Heliconia - Invierno (26 page)

Navegaron durante días y días. Como en una pesadilla, a estribor siempre veían la gigantesca mole oscura peninsular. Inalterable, parecía dispuesta a no abandonar nunca.

En cierta ocasión rodearon una pequeña isla, un lunar en el océano, quizás un desprendimiento de la masa continental. A pesar de su aspecto aterrador, la isla estaba habitada. Un aroma a humo de leña se abrió camino hasta la nave; eso y la aparición de algunas cabañas entre las espesas enramadas animó a los pasajeros a tomar tierra.
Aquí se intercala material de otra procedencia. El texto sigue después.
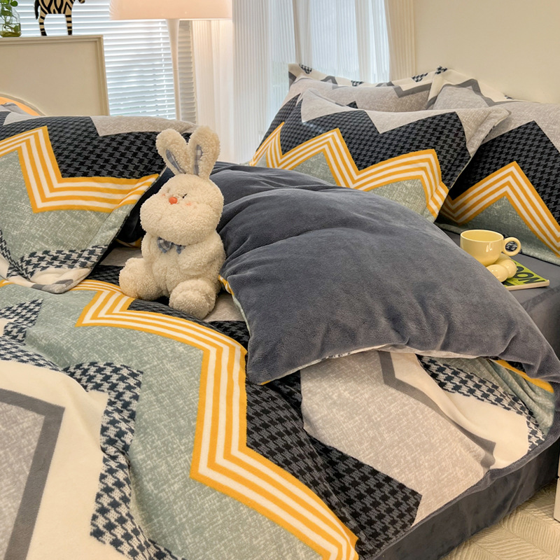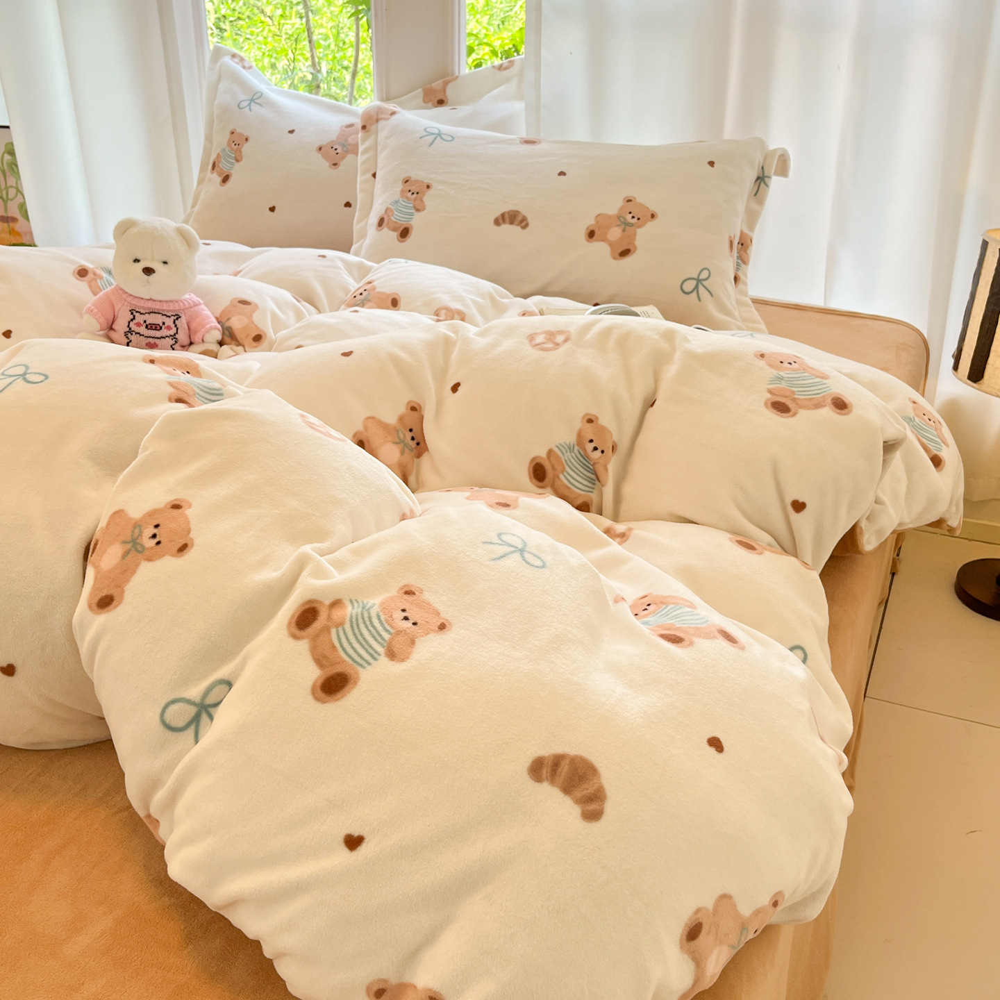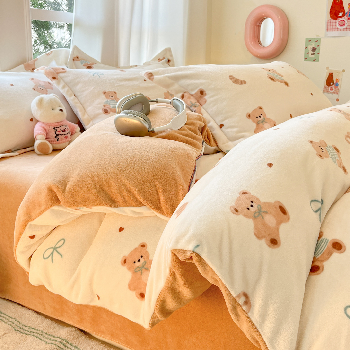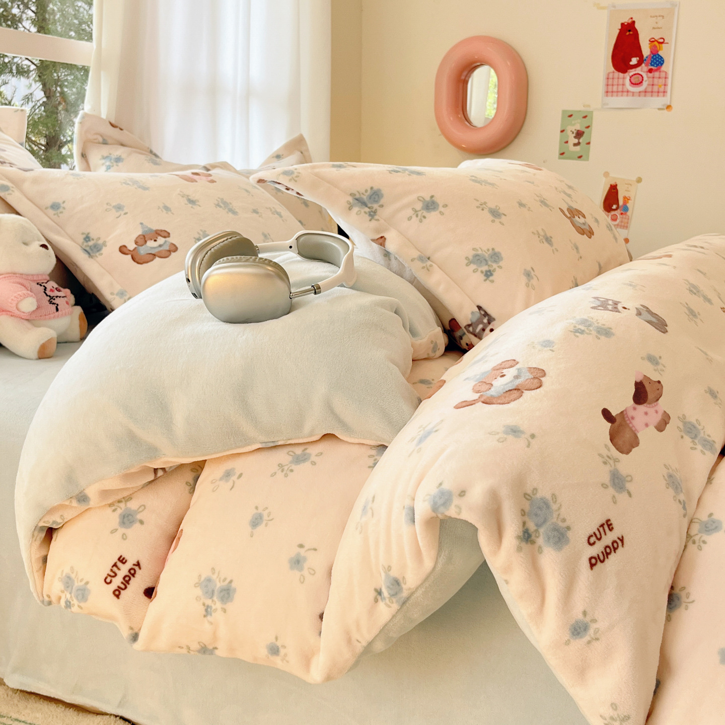Главная страница > Комплект из четырех предметов из молочного вельвета класса А, зимнее постельное белье из кораллового флиса и пододеяльник, комплект из трех предметов из Наньтунского флиса с пододеяльником, теплый.

No obstante, el capitán desoyó sus propuestas.

—Esos isleños son todos piratas, muchos de ellos desesperados por haber perdido sus barcos en alguna tormenta. Si pusiéramos un pie en tierra nos asesinarían para quitarnos el nuestro. Prefiero un buitre por compañía.

Tres largas canoas de piel se hicieron a la mar desde la orilla. Shokerandit hizo circular su catalejo y observaron a los hombres que, doblándose, remaban hacia el bergantín como si les fuera la vida en ello. De pie en la popa de una de las canoas había una mujer desnuda de largos cabellos negros. Sostenía en brazos a un bebé que mamaba de su pecho.

En aquel instante una tormenta de nieve brotó de las montañas, cayendo sobre el mar corno un mantón. Los copos tocaban los pechos de la mujer desnuda y se deshacían.

El Nueva Estación tenía demasiado velamen para las ligeras canoas y aunque pronto quedaron a popa, los remeros no disminuyeron el ritmo. Como poseídos por la locura, tampoco dejarían de remar después, de perder de vista el barco.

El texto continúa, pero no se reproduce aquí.